退院したリリーのために、寅さんは本部の浜崎港にほど近い民家の離れを借りて、二人はしばしそこで暮らします。

北海道で出会った二人が、その後、いろいろあって、いまは睦まじい日々をすごしている・・・。このシリーズを見続けてきて良かったなぁと、しみじみ思います。

山本直純さんのリリーのテーマも、第11作と第15作と、この第25作では違います。「北国のリリー」と「南国のリリー」それぞれ味わい深いです。音楽がキャラクターに寄り添っている。いずれも映画音楽の素晴らしさを実感できる名曲です。

 

そして15年の歳月が流れます。リリーはどうしているのだろうか? ファンはずっと思い続けていました。寅さんは人生の旅を続け、満男は大人になり、さくらも心の片隅では「お兄ちゃんに落ち着いてほしい」と思いながら歳月を重ねてきたと思います。

第48作『男はつらいよ 寅次郎紅の花』で描かれた、寅さんとリリーの「その後」こそ、ぼくたちの「夢」でもありました。満男が泉の結婚式をぶちこわして、失意のまま奄美群島加計呂麻島へとやって来ます。

目的もなく旅をしている満男に「ちょっと、どこまで行くのお兄さん」とリリーが声をかけ、とりあえずカレーライスをごちそうします。困っている人がいたら黙っていられない。

リリーもまた寅さん同様、苦労人ゆえに、まずは行動してしまいます。そして、リリーが満男を連れて、家に帰ると、そこには寅さんがいた。
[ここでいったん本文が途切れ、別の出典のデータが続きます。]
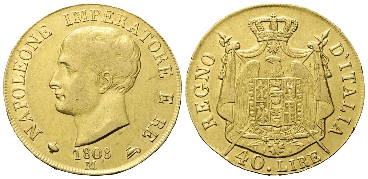Napoleone I Re d’Italia, 1805-1814. 40 Lire 1808, I Tipo, puntali aguzzi.
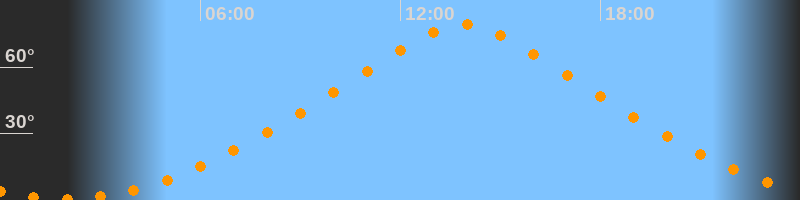 | Höchster Stand (Kulmination) | 13:54 Uhr (h = 79,1°) |

というこれもまた「夢」のような展開です。

そこからは映画をご覧いただくとして、長い人生の旅を続けて来た、寅さんとリリーのその後は、ファンにとって、このシリーズが好きで良かったと思わせてくれます。

1969(昭和44)年から1995(平成7)年にかけての26年間、48作を重ねてきた「男はつらいよ」シリーズは、こうしてフィナーレを迎えましたが、ぼくたちは、第1作から第48作までを繰り返し、味わう楽しみがあるのです。